Les grandes entreprises de médias numériques – OpenAI, Alphabet, Amazon, DeepMind – ont promis de développer des outils pour lutter contre la désinformation. Une approche clé consiste à utiliser le filigrane sur le contenu généré par l’IA.

Mais un article publié le 29 septembre sur le serveur de prépublication arXiv soulève des nouvelles troublantes sur la capacité de lutter contre de tels abus numériques.

Des professeurs de l’Université du Maryland ont effectué des tests démontrant la facilité de contournement des filigranes de protection.

« Nous ne disposons pas de filigrane fiable à ce stade », a déclaré Soheil Feizi, l’un des auteurs du rapport intitulé « Robustesse des détecteurs d’images IA : limites fondamentales et attaques pratiques ».

Feizi a déclaré que son équipe « les a tous brisés ».

« Une mauvaise utilisation de l’IA introduit des risques potentiels liés à la désinformation, à la fraude et même à des problèmes de sécurité nationale comme la manipulation électorale », a prévenu Feizi. « Les deepfakes peuvent entraîner des préjudices personnels, allant de la diffamation à la détresse émotionnelle, affectant à la fois les individus et la société dans son ensemble. Par conséquent, l’identification du contenu généré par l’IA… apparaît comme un défi crucial à relever. »

L’équipe a utilisé un processus appelé purification par diffusion, qui applique un bruit gaussien à un filigrane puis le supprime. Il laisse un filigrane déformé qui peut contourner les algorithmes de détection.

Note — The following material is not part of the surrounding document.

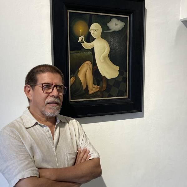 Sin querer queriendo Jorge hace carrera contando su vida con un pincel. En un rincón de la exposición un cuadro me llama la atención. Representa un fantasma asustando a una mujer que parece desmayarse. ¿Qué significa este cuadro Jorge? “En el año 2015 tuve un infarto, estuve cerca de la muerte. Antes de que me hagan el cateterismo hice el boceto del cuadro, era como verme muerto y regresar para ver a mi mujer”, contesta con una pequeña sonrisa.

Le reste de l’image n’est que peu modifié.

Ils ont en outre démontré avec succès que de mauvais acteurs ayant accès aux algorithmes de filigrane de boîte noire pouvaient imposer de fausses photos avec des marquages ​​qui font croire aux détecteurs qu’elles sont légitimes.

De meilleurs algorithmes apparaîtront certainement. Comme cela a été le cas pour les attaques virales, les méchants s’efforceront toujours de briser les défenses proposées par les gentils, et le jeu du chat et de la souris continuera.

Mais Feizi a exprimé un certain optimisme.

« Sur la base de nos résultats, concevoir un filigrane robuste est une tâche difficile, mais pas nécessairement impossible », a-t-il déclaré.

Pour l’instant, les gens doivent faire preuve de diligence raisonnable lorsqu’ils examinent des images contenant du contenu qui peut être important pour eux. La vigilance, la double vérification des sources et une bonne dose de bon sens sont de mise.